● **Available data**:
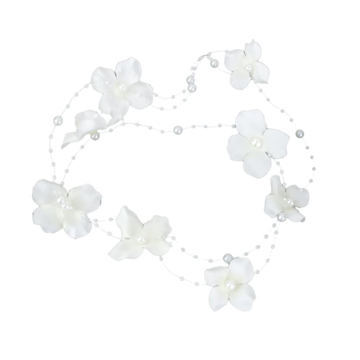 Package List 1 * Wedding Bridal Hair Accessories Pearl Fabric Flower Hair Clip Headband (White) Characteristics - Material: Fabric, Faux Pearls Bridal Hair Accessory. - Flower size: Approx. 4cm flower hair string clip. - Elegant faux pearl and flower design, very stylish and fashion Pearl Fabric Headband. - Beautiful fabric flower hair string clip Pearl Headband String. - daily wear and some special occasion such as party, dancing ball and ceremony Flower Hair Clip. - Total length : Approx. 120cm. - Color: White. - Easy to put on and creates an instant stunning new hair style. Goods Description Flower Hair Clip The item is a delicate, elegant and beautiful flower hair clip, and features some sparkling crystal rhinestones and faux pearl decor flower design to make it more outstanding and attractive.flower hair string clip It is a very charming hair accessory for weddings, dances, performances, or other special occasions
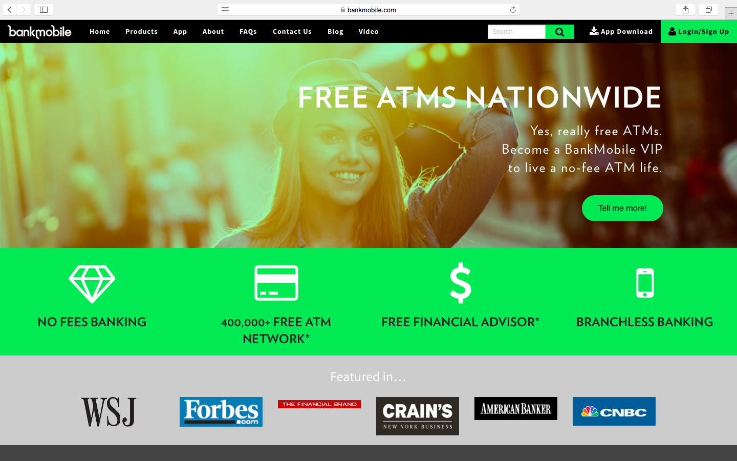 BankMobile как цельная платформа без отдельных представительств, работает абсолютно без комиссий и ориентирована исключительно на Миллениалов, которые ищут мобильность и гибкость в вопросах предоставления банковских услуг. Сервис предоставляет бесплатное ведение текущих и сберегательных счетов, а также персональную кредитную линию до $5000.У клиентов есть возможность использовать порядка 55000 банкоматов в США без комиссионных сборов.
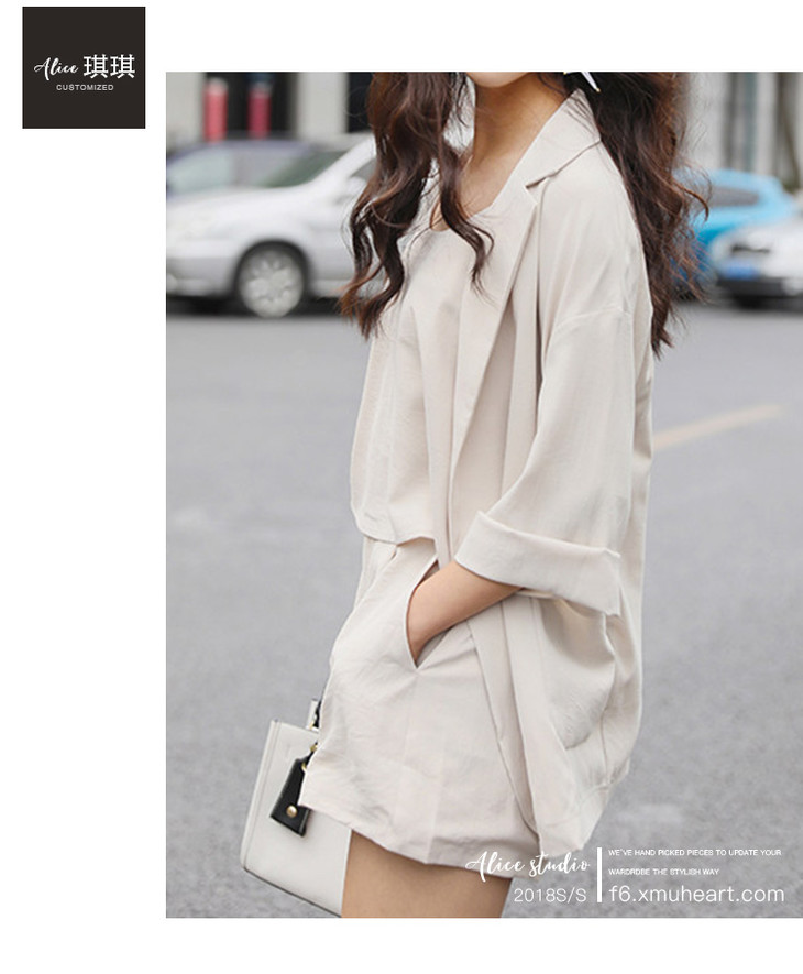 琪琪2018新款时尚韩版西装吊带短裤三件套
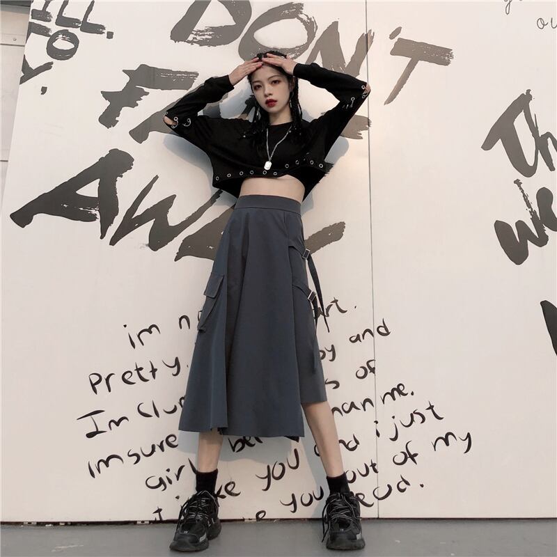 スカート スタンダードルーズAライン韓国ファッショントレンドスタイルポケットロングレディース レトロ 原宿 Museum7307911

● **What is required**:
Beginning with the line that contains "BankMobile как цельная" in the data above, please copy each line exactly until the last line, both ends included, skipping any pictures.

● **Solved problem**:
 BankMobile как цельная платформа без отдельных представительств, работает абсолютно без комиссий и ориентирована исключительно на Миллениалов, которые ищут мобильность и гибкость в вопросах предоставления банковских услуг. Сервис предоставляет бесплатное ведение текущих и сберегательных счетов, а также персональную кредитную линию до $5000.У клиентов есть возможность использовать порядка 55000 банкоматов в США без комиссионных сборов.
 琪琪2018新款时尚韩版西装吊带短裤三件套
 スカート スタンダードルーズAライン韓国ファッショントレンドスタイルポケットロングレディース レトロ 原宿 Museum7307911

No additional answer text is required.